Validating the Automatic Independent Component Analysis of DSA

Materials and Methods

This retrospective study was approved by the institutional review board of Taipei Veterans General Hospital. This study enrolled 36 patients who had extracranial internal carotid stenosis of >70% according to the NASCET criteria and who consequently underwent stent placement. DSA acquisitions were performed on a biplane angiosuite (Axiom Artis dBA; Siemens, Erlangen, Germany). A power injector (Liebel-Flarsheim Angiomat; Illumena, San Diego, California) was used to administer the contrast bolus. The image size was 960 × 960 or 1440 × 1440 pixels, and the FOV was 22 cm. The acquisition rate was 6 frames per second, and the acquisition lasted 8–18 seconds. Each patient was imaged in the posteroanterior (PA) and lateral views before and after treatment. A total of 144 datasets were analyzed.
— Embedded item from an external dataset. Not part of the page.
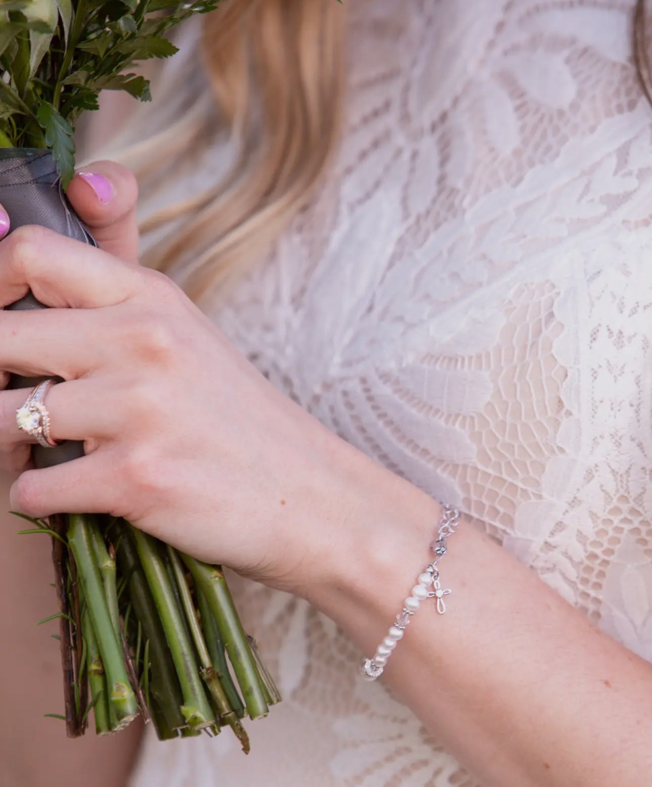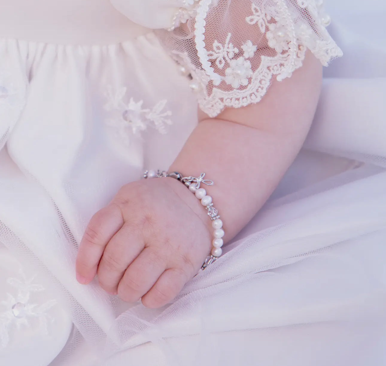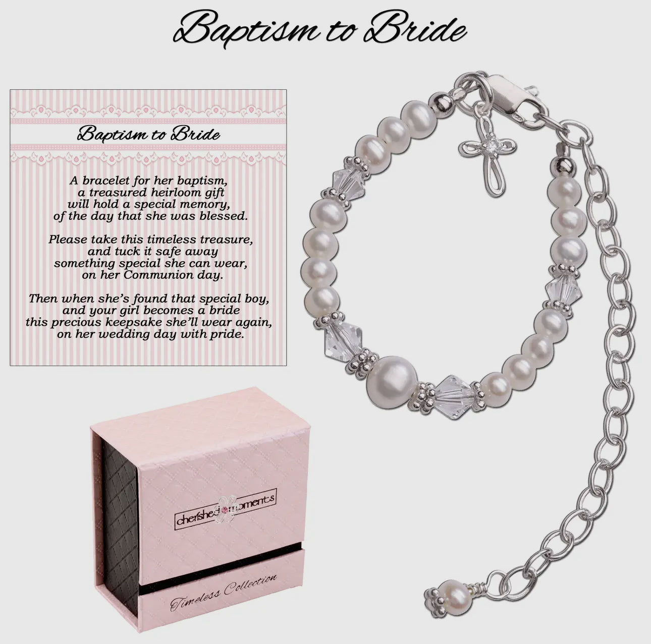From our Timeless Collection, a popular sterling silver keepsake baptism gift "Baptism to Bride" bracelet set. This special keepsake will be a treasure that can be worn on her baptism day and then cherished again when she has her first communion, and again on that special day when she becomes a bride. This is designed with .925 sterling silver, high-quality freshwater pearls, high-end crystals, and is hand-beaded here in the USA. This comes with a sweet poem and includes a place to write her name and date she was baptized with an adorable keepsake box for storing.

The scale-invariant feature transform flow technique² was applied to the dynamic x-ray projection images for reducing motion artifacts. After performing the registration process, we used the FastICA technique (https://cran.r-project.org/web/packages/fastICA/fastICA.pdf)³ to segment the DSA images into arterial, capillary, and venous vasculature images. The thresholding method of Otsu⁴ was applied to the output independent component images for generating binary mask images. The binary masks of these 3 vessel types were used to measure the actual TDCs.

Each TDC was fitted by a γ-variate function⁵ to reduce random noise and recirculation. The following 4 parameters were calculated from the fitted curve: 1) the area under the fitted TDC (area under curve), 2) the maximum enhancement, 3) TTP, and 4) the width between the 2 time points on the TDC when the density was half the maximum enhancement, full width at half maximum (FWHM).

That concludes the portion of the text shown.